真っ白な蝶々

公開日: 心霊ちょっと良い話

白い蝶(フリー写真)

私の母が亡くなってから、色々な出来事がありました。

最初は、母の葬儀が終わって夕方家に戻った時のことです。

玄関の黒いドアの真ん中に、真っ白な蝶々がぴったり止まっていました。

直感的に『お母さん、戻って来たんだ』と思い、

「家に入りたい?」と聞いたら、

『いいよ』とを返事するように、玄関の灯りが一瞬、ふわっと明るくなりました。

蝶々の羽根の模様が、母の顔に掛けたハンカチの刺繍の柄にそっくりで、暫くその蝶々を眺めていました。

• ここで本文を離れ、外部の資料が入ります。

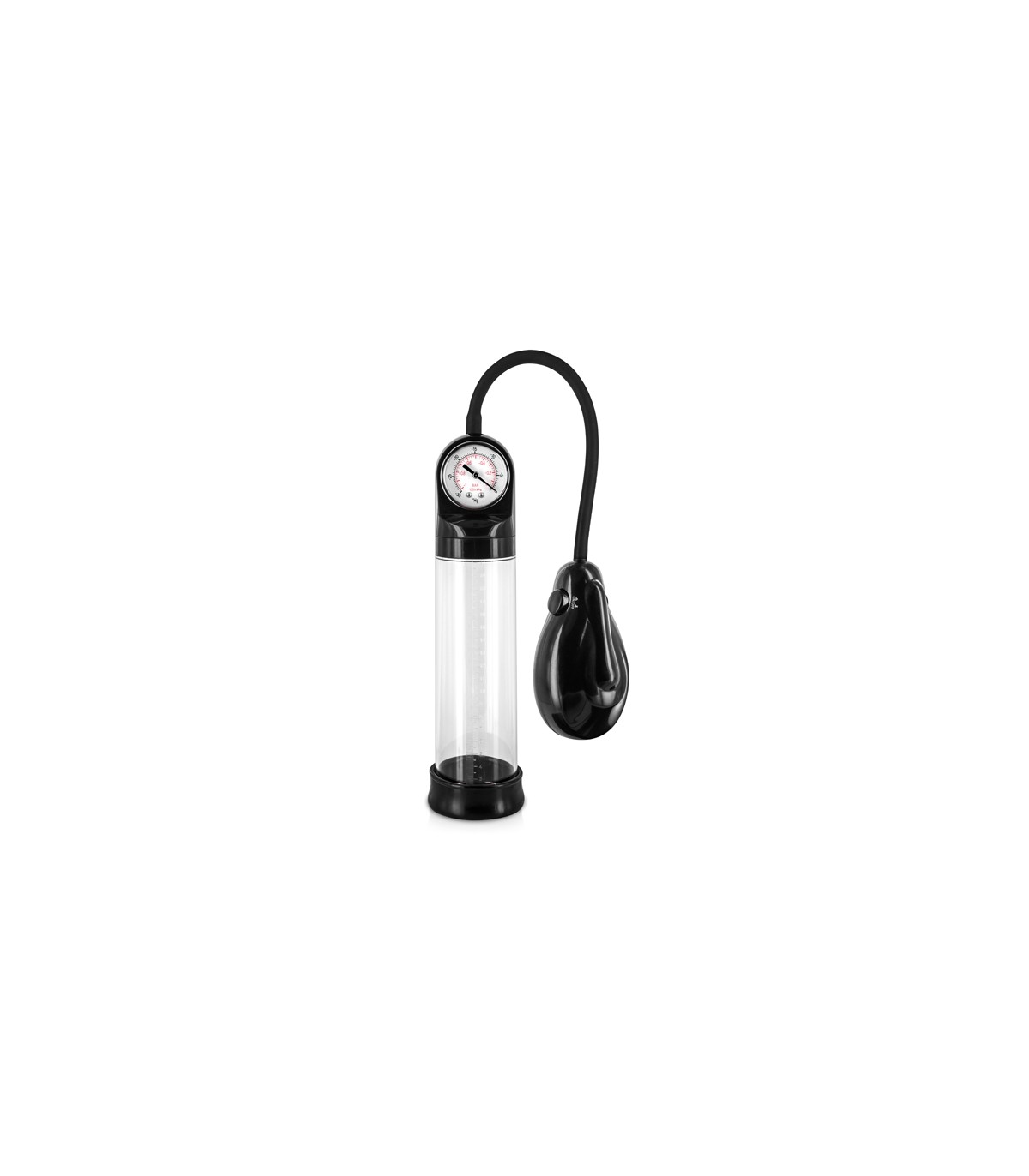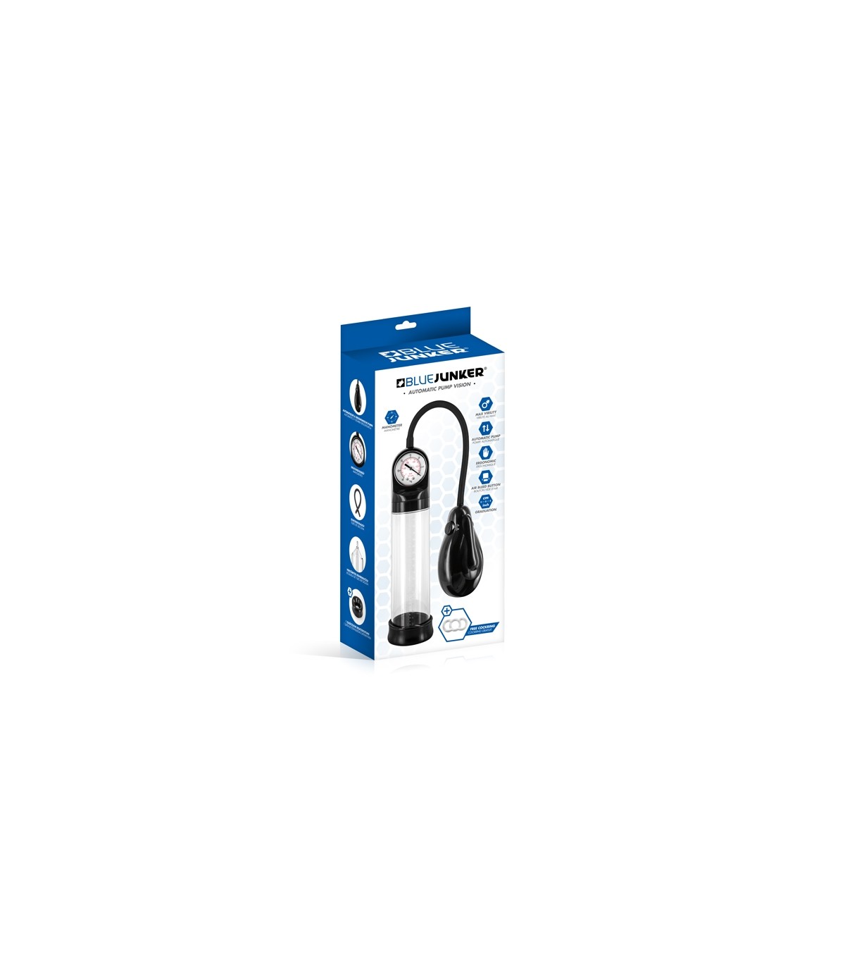 Diese Pumpe enthält einen Ring, um einen größeren Druck auf Penis und Hoden auszuüben.

次の朝になってもその蝶々は同じ場所に居て、私の知り合いや友人たちも皆、

「お母さんだ」「○○さんに間違いないよ」

と蝶々を囲んで話していました。

それから初七日を迎える前の晩まで、蝶々は同じ場所にぴったり止まったままでした。

時折、私が出掛けようとすると、ふわふわと庭の仕切りまで見送ってくれて、帰るとまた元の場所に止まっているのです。

初七日の前の晩。

「明日の朝は初七日だから、もう行かなくちゃいけないんじゃない?」

と話をして、お水をお供えしました。

初七日の朝、ドアを開けてみると、蝶々は居ませんでした。

初七日を終える夜、私はそれまでの疲れや心労でどっと寝込み、40℃ 近い熱が出ました。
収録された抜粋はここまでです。